By Steve Herman
Global finance ministers are calling for increasing the pace of reform to rebuild confidence at a time of faltering economic growth.
At their the joint meeting with the World Bank in Tokyo, leaders of the International Monetary Fund issued a communique acknowledging economic growth is decelerating, amid risk and uncertainty.
The chairman of the IMF’s steering committee, Singapore’s Finance Minister Tharman Shanmugaratnam, says the situation is improved from earlier in the year.
“We’re in a better position now than we were six months ago. It remains challenging,” he said. “There remain downside risks. And, in particular, we were all quite candid about the nature of those downside risks. The fiscal cliff in the U.S. and the uncertainties over how it will be resolved is a major uncertainty that affects the entire world. That’s, in fact, a major spillover.”
Unless the U.S. Congress acts by the end of the year, cuts in spending and rises in taxes will automatically be implemented.
U.S. Treasury Secretary Timothy Geithner acknowledged to his counterparts his country has made progress but still has much work to do in order for its fiscal affairs to be in order. His comment in Tokyo came hours after the U.S. Government announced the budget deficit was above one trillion dollars for the fourth straight year.
Frustration was also expressed among participants here with the slow pace of debt reform in Europe.
About the only disagreements to emerge publicly from the sessions concerned how much time troubled countries, such as Greece, should get to slash budgets and whether monetary easing intended to encourage more bank lending will actually destabilize markets while failing to prevent recession.
IMF managing director Christine Lagarde says there was no objection to the recommendations given to the membership.

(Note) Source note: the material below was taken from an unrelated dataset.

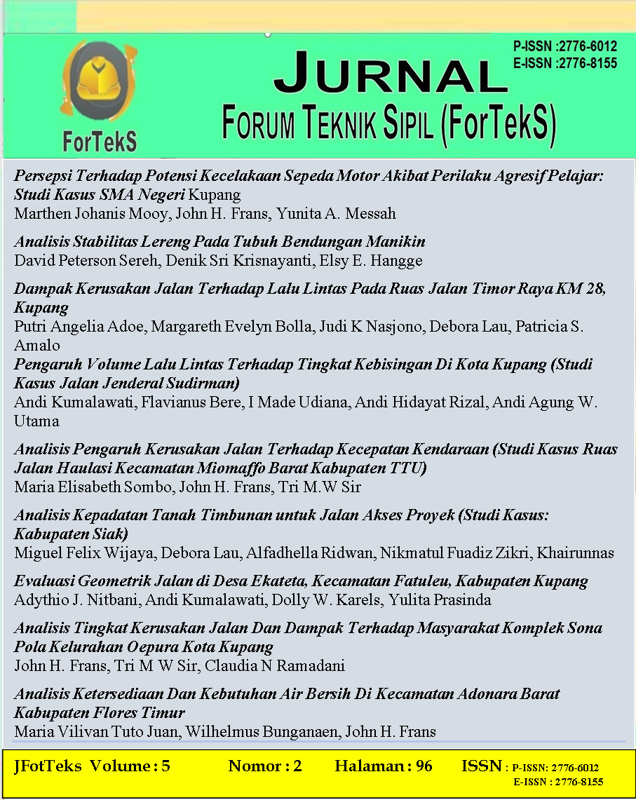 Jurnal Forum Teknik Sipil (FoTeks) adalah jurnal yang berisi kumpulan hasil penelitian dibidang teknik sipil yang bertujuan untuk menyebarluaskan hasil hasil riset ataupun kajian ilmiah di bidang teknik sipil dan bidang lain yang terkait dengan teknik sipil. Artikel-artikel pada jurnal ForTeks volume ke 4 edisi Mei ini membahas tentang berbagai persoalan di bidang teknik sipil antara lain Permasalahan terutama dibidang transportasi,manajemen Konstruksi, Geoteknik, hidrologi, strukturv dan berbagai permasalahan lainnya terkanit teknik sipil. Secara umum masih difokuskan terutama pada bidang teknik sipil dan aplikasinya. Pada edisi pertama volume 3 Jurnal ForTeks dikhususkan pada permasalahan teknik sipil yang lebih luas dan saat ini sedang dihadapi oleh Bangsa Indonesia yaitu perubahan paradigma transportasi, Permasalahan respon bangunan terhadap gempa bumi terutama berdampak pada Infrastruktur Penting, sistim jaringan air bersih, Transportasi, permasalahan geoteknik. Harapannya artikel artikel yang terpublish pada volume ke empat dari Jurnal ForTeks ini dapat membantu memberi informasi dan membantu menyelesaikan permasalahan di bidang teknik sipil

“I think there is a general consensus that collective action is going to produce results,” she said.
But Lagarde’s Global Policy Agenda – a written statement issued Saturday – sounded gloomy with expressions of frustration. It notes limited progress in addressing debt overhangs and weak financial systems and says confidence has not been restored because of continued uncertainty on key policies.

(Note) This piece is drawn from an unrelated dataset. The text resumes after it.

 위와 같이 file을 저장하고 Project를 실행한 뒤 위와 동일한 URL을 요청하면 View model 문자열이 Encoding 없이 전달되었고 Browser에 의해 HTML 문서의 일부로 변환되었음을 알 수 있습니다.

The IMF and World Bank governors’ joint Development Committee is expressing concern that financial crises “mean fewer jobs where millions are needed.” The committee also called on the bank to step up work with other agencies and donors to break the cycle of emergency aid for the Sahel, in Africa, where it says hunger threatens the lives of 19 million people and the stability of the region.
For the less fortunate in poorer countries, the IMF has announced it is devoting more than $1 billion from windfall sales of gold for low-cost loans.